Thanks Jeremy, thats a perfect way to solve the problem!
 
leaftail said:
Chris, and other people with tall racks, if the entire rack is on one thermostat control, Do you have any problems with the highest row being a lot hotter than the bottom row due to the fact that heat rises and the air temp, etc is higher up there? I'm having this problem right now, however the "racks" that I'm working with are much more open and that makes them even more susceptible to the temp/height differential problem. But I'm wondering if with the racks you all are using, you have to adjust for this at all? And if so, how do you deal with it?

BTW, excellent rack and instructions, Chris, thank you. I think even I could manage to not screw that up.

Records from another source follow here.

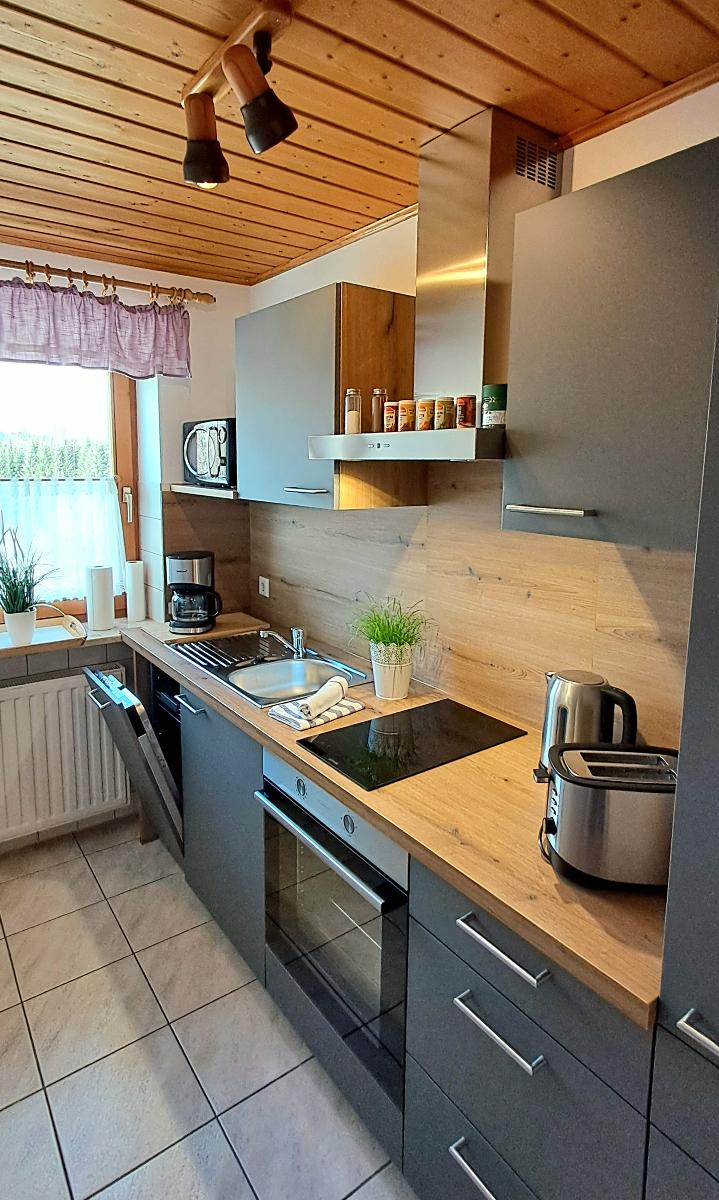 Die komplett ausgestattete Küche mit Kühlschrank inkl. Gefrierfach, Herd mit 2 Ceranfelder, Backofen, Geschirrspülmaschine Mikrowelle, Dunstabzug, Wasserkocher, Toaster und Kaffeemaschine lässt keine Wünsche offen.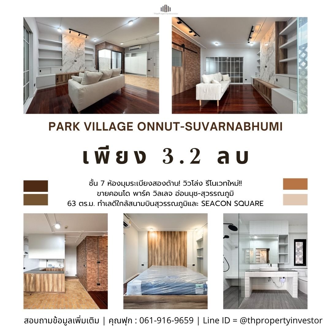 转角单元,双阳台!视野开阔!全新装修!位于素万那普机场 Nut 路 Park Village,63 平方米,7 楼
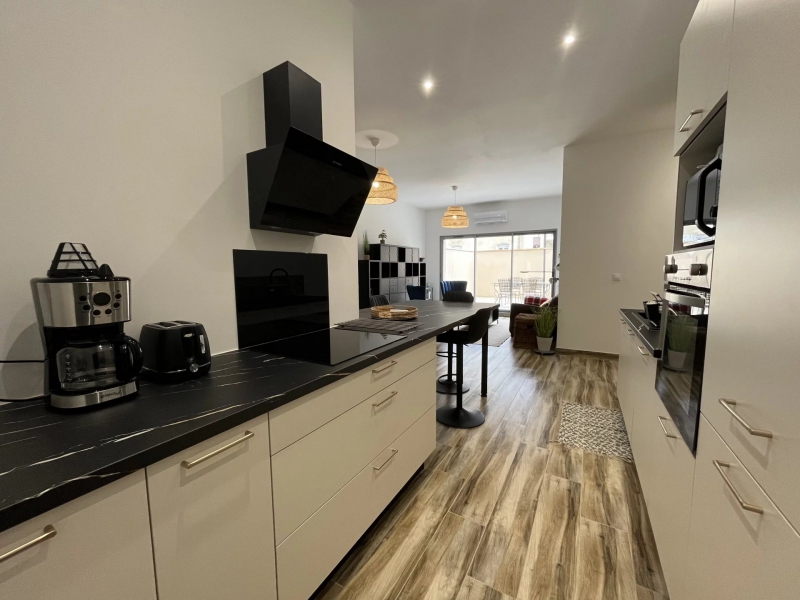 Vous profiterez d’une entrée fonctionnelle avec rangements, d’une cuisine aménagée et parfaitement équipée accompagnée de son cellier-buanderie, ainsi que d’un agréable salon/séjour ouvert sur une spacieuse terrasse, parfaite pour vos moments de détente.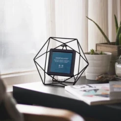 Capture some good memories with this unique photo frame. Add this frame to a bare wall in your home or a side table. It will help you to change your abode into something trendy using this adorable decor.Product Features:Decorative black hexagonal photo frameHolds one 4” x 4” photoCan be hung on a wall or this frame can sit on the table with attached easelRecommended for indoor use onlyDimensions: 8″H x 9.5″W x 1.25″DMaterial(s): metal/glass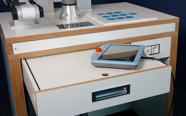 Le cobot peut être commandé et programmé à l'aide de l'écran tactile 12 pouces inclus dans la livraison. De plus, la programmation des mouvements s'effectue via un bouton d'apprentissage, qui permet de programmer le cobot en spécifiant un modèle de mouvement exécuté manuellement d'une simple pression sur un bouton.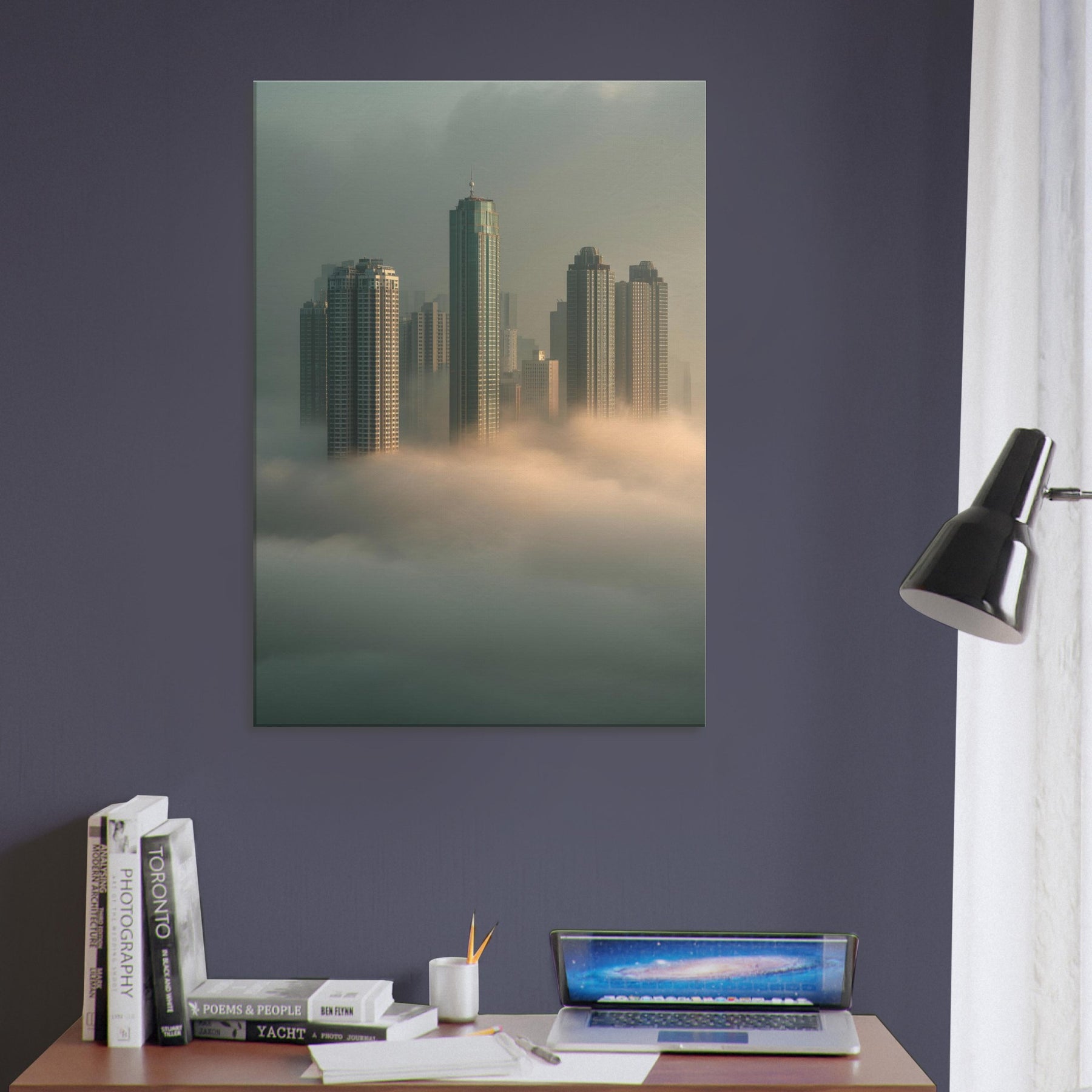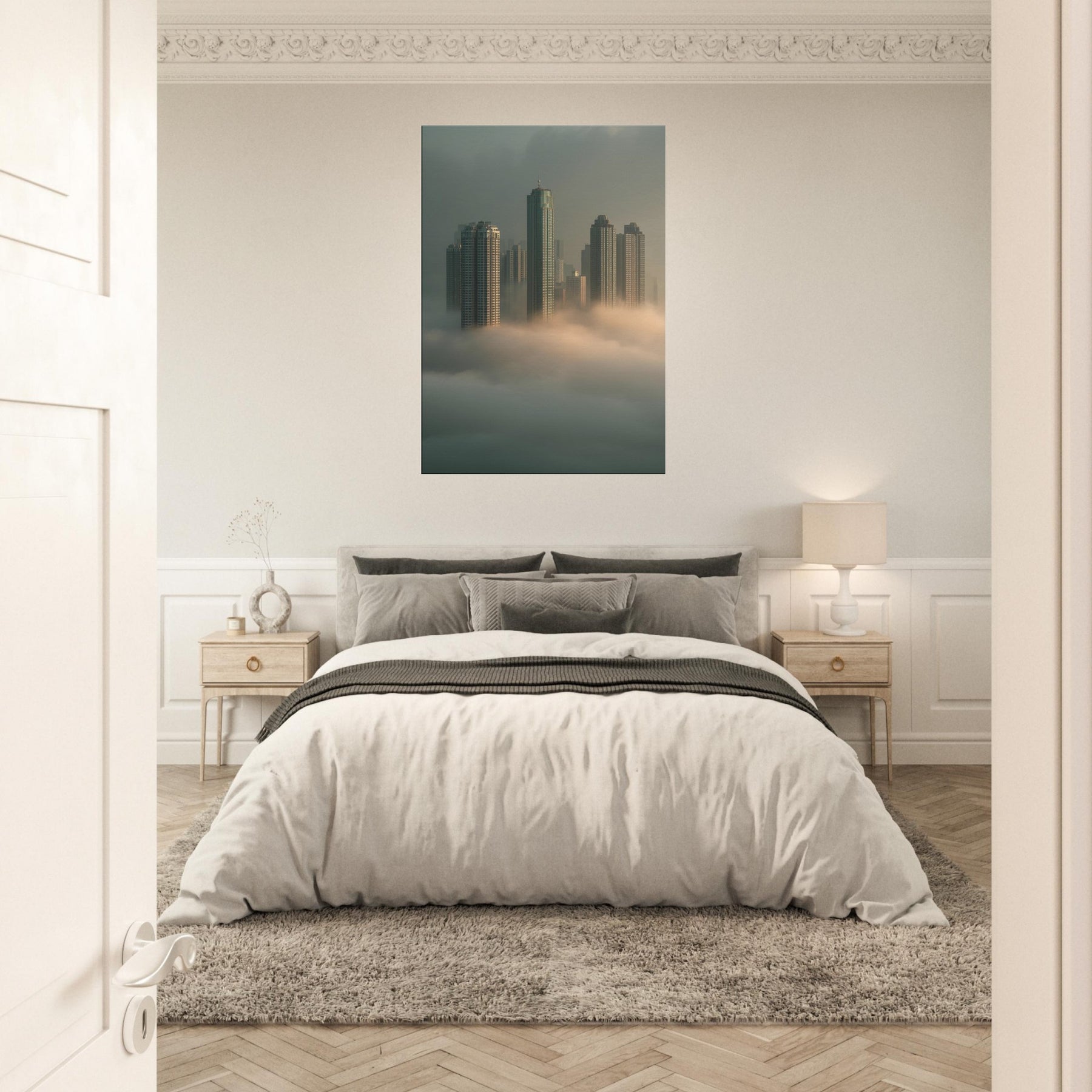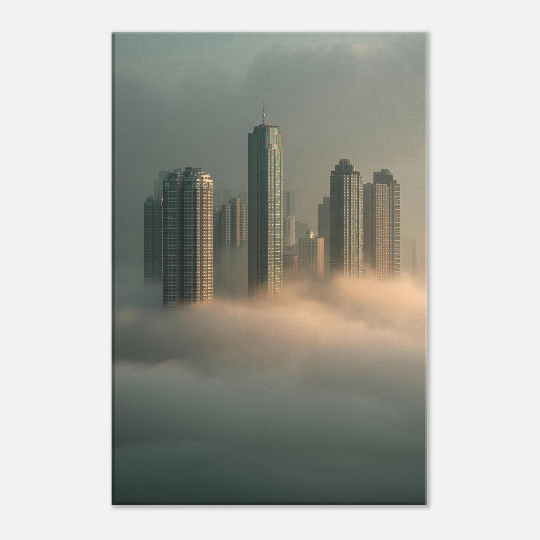 Let Hong Kong rise from sleep in a cathedral of fog, where glass and steel lean into dream. This surreal cityscape dissolves the line between cloud and skyline, inviting the observer into a quiet, meditative mood. Each tower threads light through mist like a memory you can walk through, making your living room feel expansive, intimate, and softly charged with possibility. A bold, poetic centerpiece that transforms any wall into a window on a floating metropolis.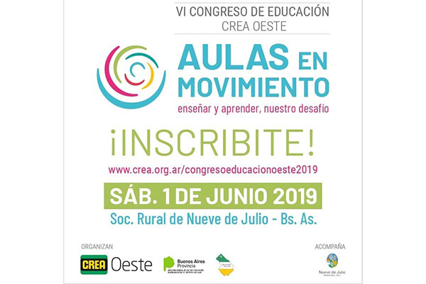 Con la organización del Grupo CREA Oeste y la Dirección de Cultura y Educación de la Provincia de Buenos Aires, y el acompañamiento de la Municipalidad de Nueve de Julio; el sábado 1ero. de junio, en las instalaciones de la Sociedad Rural de 9 de Julio, se desarrollará el VI Congreso de Educación CREA Oeste “Aulas en movimiento”, enseñar y aprender nuestro desafío.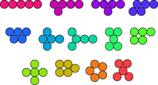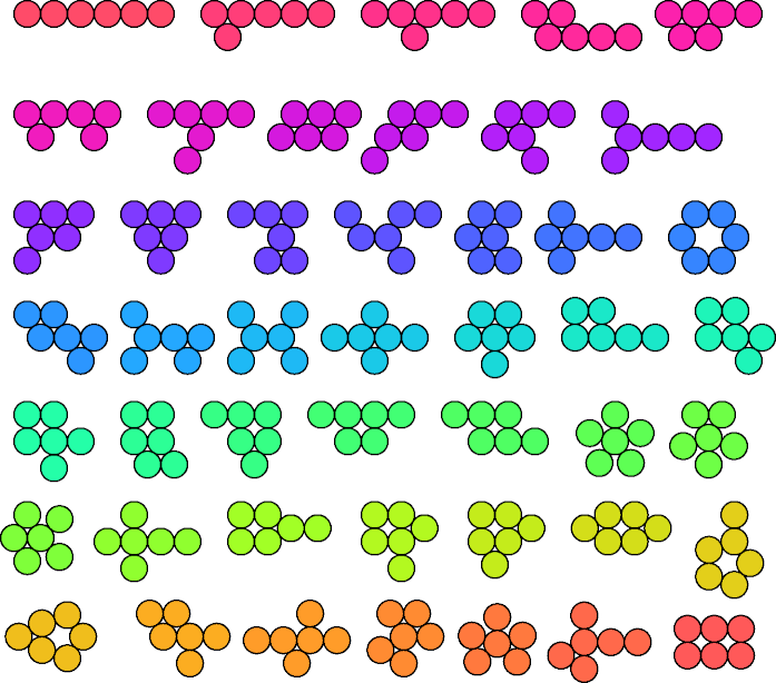 This page shows all free polypennies of orders 1–6. Erich Friedman enumerated all polypennies up to order 4. Alexandre Owen Muñiz enumerates polypennies up to order 5 on Flexible Polyforms at his site Math at First Sight.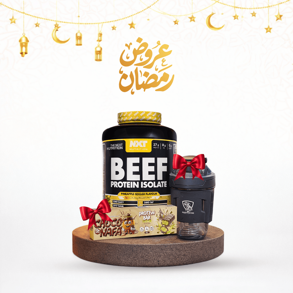 مجموعة بروتين اللحم البقري الأساسية لرمضان من شركة "ذا نيكست نيوتريشن" هي مجموعة بروتين خالية من منتجات الألبان، ومناسبة لنظام باليو الغذائي، ومصممة خصيصًا للرياضيين الذين يتدربون أثناء الصيام. تجمع هذه المجموعة بين بروتين لحم بقري معزول عالي الجودة ووجبات خفيفة غنية بالطاقة لدعم بناء العضلات الخالية من الدهون، وتسريع عملية الاستشفاء، والحفاظ على مستوى طاقة ثابت من السحور إلى الإفطار.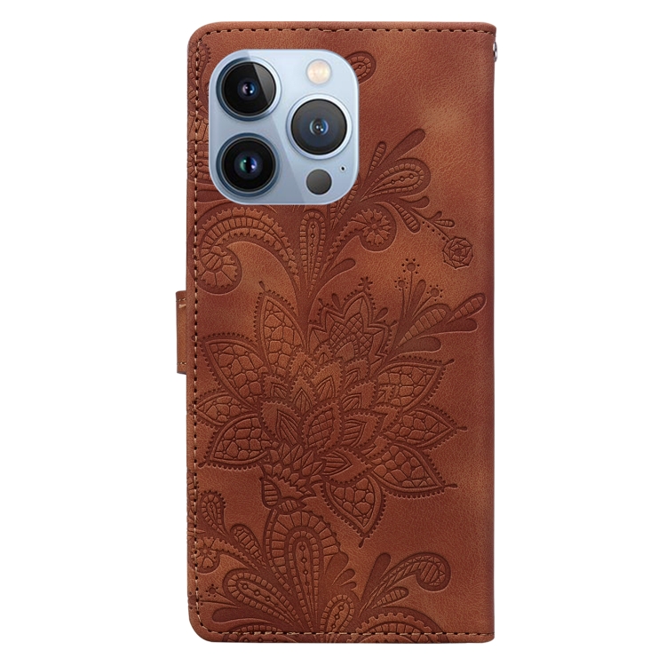 Funda de Cuero con Hebilla Magnética y Diseño Floral En Relieve para iPhone 15 Pro Max (Marrón)

Each shelf holds it own temps perfectly. I was thinking of porting holes in the shelves to create a more "open system" but realised this wa unecessary, and it would cause rows to hold different temps since heat rises. The instructions as-is should obtain the desired thermal gradient. The rear of the tubs will stay a good 8-10 degrees cooler than the front, on any level. Enjoy! :)
 
Great Idea, I have not found a need to do this with our racks, but this could help those whose temps are not as stable as ours..... Everyone has different living\working conditions where these racks will reside, ours just so happen to keep perfect temps without such a control but I can see if housed in living quarters this may not be the case. Thanks for the addition Jeremy.

Jeremy Letkey said:
I can't speak for Chris, however I use a dimmer for every two shelves as well as the thermostat. I can adjust the dimmer so that all my shelves stay at the same temps. I also keep my racks in my basement with a concrete floor. My bottom shelves always have to be dialed up a bit more than the top.
 
Thanks jeremy, you solved my problem with my house. I have linoleum floors in the reptile room and they cause my bottom rack to be a little cooler than usual.
 
TopShelfExotics said:
Each shelf holds it own temps perfectly. I was thinking of porting holes in the shelves to create a more "open system" but realised this wa unecessary, and it would cause rows to hold different temps since heat rises. The instructions as-is should obtain the desired thermal gradient. The rear of the tubs will stay a good 8-10 degrees cooler than the front, on any level. Enjoy! :)
Then I'm definitely going to try to build me some of these, when I'm able. It's much better to NOT have to deal with a temp differential between shelves. I'm stuck with my existing "racks" for a while unfortunately.